As to Figure 5, Appellant highlights two disclosures in paragraph 29:
(1) “The hemostatic connection 112 also may be created by inflating a non-
occluding balloon 117 within the aorta 16 (F[igure] 5)” and (2) “The non-
occluding balloon should be inflated in such a way that it provides a
sufficient amount of pressure against the flange 114, thereby forming a
hemostatic connection between the flange and the inner aortic wall 18.”
Appeal Br. 5 (quoting Spec. ¶ 29).

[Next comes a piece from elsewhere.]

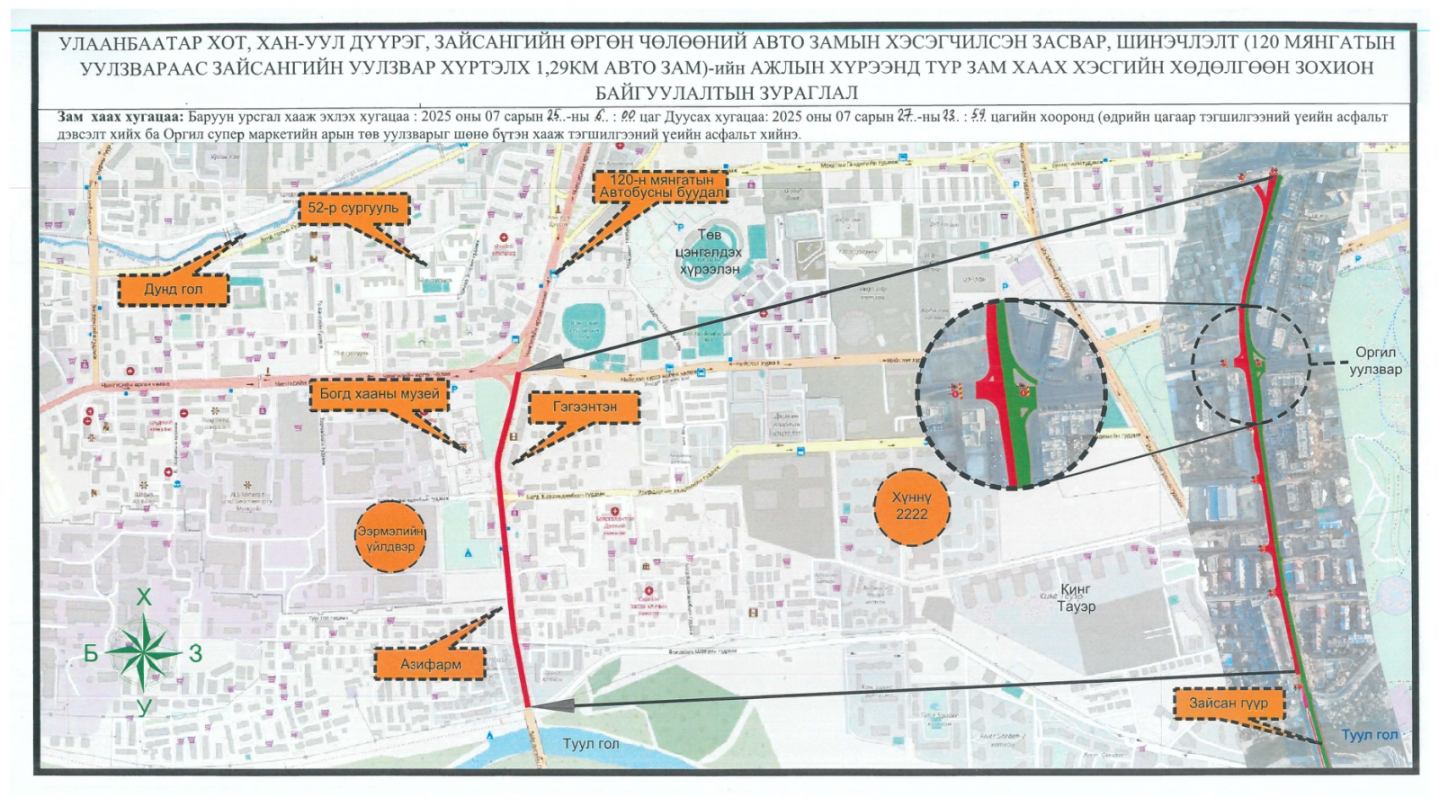 Зайсангийн өргөн чөлөөний авто замын засвар, шинэчлэлтийн ажлын хүрээнд Тэмээтэй хөшөөний уулзвараас Зайсангийн гүүр хүртэлх авто замыг хэсэгчлэн хааж, шинэчлэх ажлыг өнөөдрөөс эхлүүллээ.

According to Appellant, “Figure 5 shows
the hemostatic connection 112 formed by the flange 114.” Id. Appellant
argues that, in view of these disclosures, “one skilled in the art would
appreciate that the ‘left side’ of the illustrated system, where the flange 114
forms the hemostatic connection 112, is the distal end of the system” and
would also “understand that the balloon 117, as shown in Figure 5,
surrounds the catheter 110 to provide the described pressure against the
flange 114, while leaving the sealing face of the flange 114 (at the distal end
of the system) exposed to form the hemostatic connection 112.” Id. at 6.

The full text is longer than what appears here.